Blues Etílicos foi criado no Rio de Janeiro em 1985 pelo gaitista Flávio Guimarães, o baixista Cláudio Bedran e o guitarrista Otávio Rocha e, alguns meses depois de sua estreia, incorporou o cantor e guitarrista Greg Wilson e o baterista Gil Eduardo.  Em 1987, lançou seu primeiro LP, o independente Blues Etílicos. Em 89, são contratados pela Gravadora Eldorado, lançando Água Mineral em 89, San Ho Zay em 1990 e IV em 91. San Ho Zay atinge a marca de 35.000 cópias vendidas , sendo o álbum mais vendido de uma banda de blues brasileira em todos os tempos.
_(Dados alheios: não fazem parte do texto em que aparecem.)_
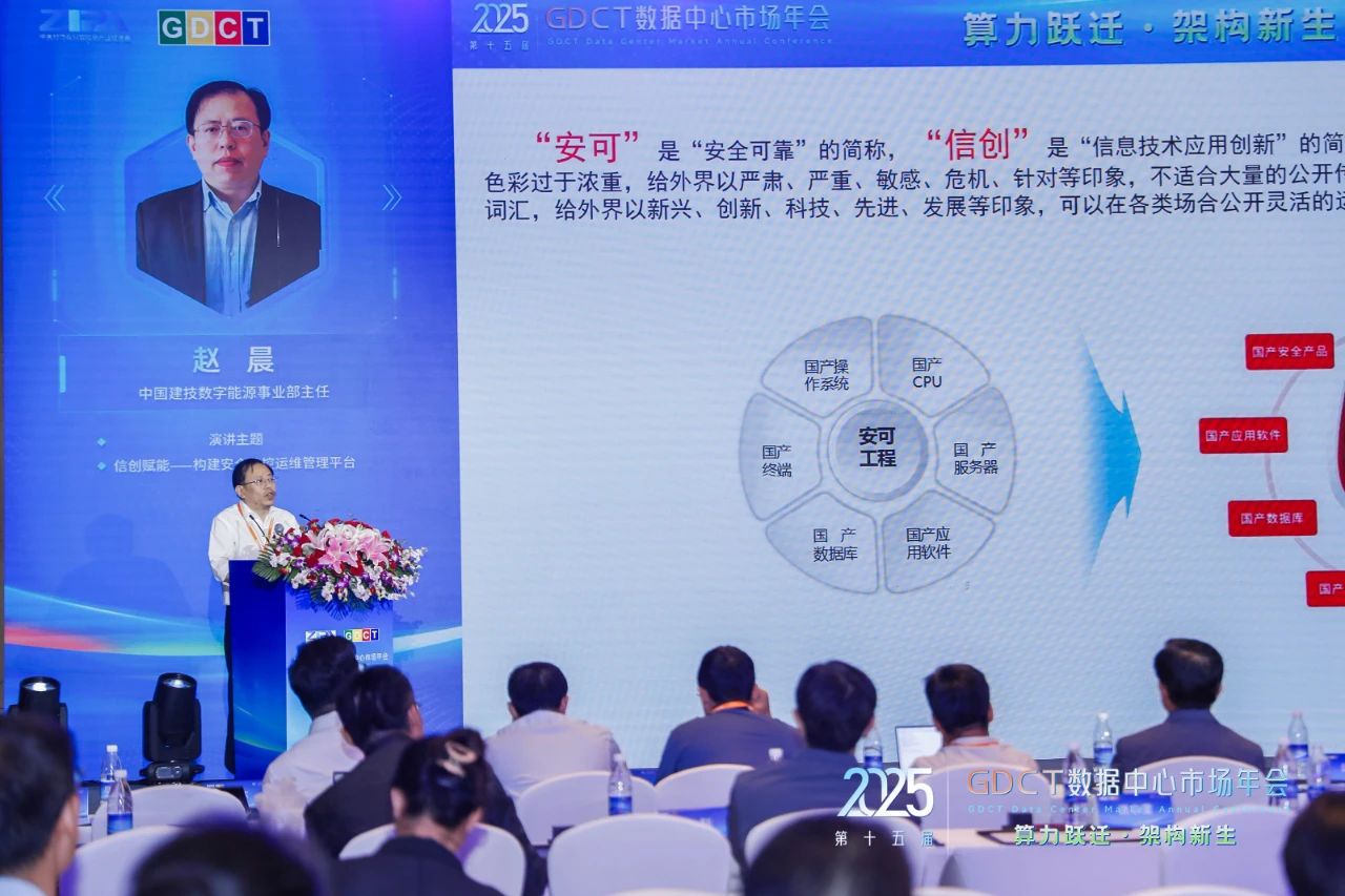 中國建技數字能源事業部總經理趙晨在《信創賦能—構建安全基礎設施平臺》演講中表示,數據中心作為信息化關鍵底座,面臨系統復雜性與關鍵基礎設施可靠性兩大核心挑戰。他從信創視角深入剖析了數據中心基礎設施建設的風險點,并提出了針對性的解決方案,強調構建自主可控的安全基礎設施平臺對保障數據中心高可用性的重要意義。

Em 1989, a banda teve ampla projeção através do primeiro Festival Internacional de Blues, na cidade de Ribeirão Preto, abrindo o festival na mesma noite que Buddy Guy. O festival foi um divisor de águas para o gênero no Brasil e várias bandas nacionais surgiram, influenciadas pelo som do Blues Etílicos. Durante esse período , a Blues Etílicos teve vários programas especiais na TV Cultura, Rede Manchete e MTV, além de ter suas músicas amplamente executadas nas FMs por todo país.

O Blues Etílicos foi a primeira e a principal banda nacional a criar um público fiel nesse segmento e graças a isso, participou de todos os festivais ligados a esse gênero musical, dividindo o palco com os principais nomes do blues internacional a visitar o país: B. B. King, Robert Cray e Buddy Guy entre outros.

Entre 1995 e 1996, a banda realizou cerca de 20 apresentações com o cantor Ed Motta, batendo sucessivos recordes de público no Circo Voador, no Rio de Janeiro, além de teatros e casas noturnas por todo país. Em Florianópolis, se apresentaram juntos para uma plateia de 30.000 pessoas no aniversário da cidade.

Em 1996 o baterista Pedro Strasser entra na banda e são lançados os álbuns Dente de Ouro em 1996, Águas Barrentas – Ao Vivo em 2001, Cor do Universo em 2003, Viva Muddy Waters em 2007, o DVD Ao Vivo no Bolshoi Pub em 2011, o CD Puro Malte em 2013 e o CD Blues Etílicos 30 Anos Ao Vivo em 2015. Em 2017, a banda acompanha o violeiro Noel Andrade no álbum Canoeiros, lançado digitalmente.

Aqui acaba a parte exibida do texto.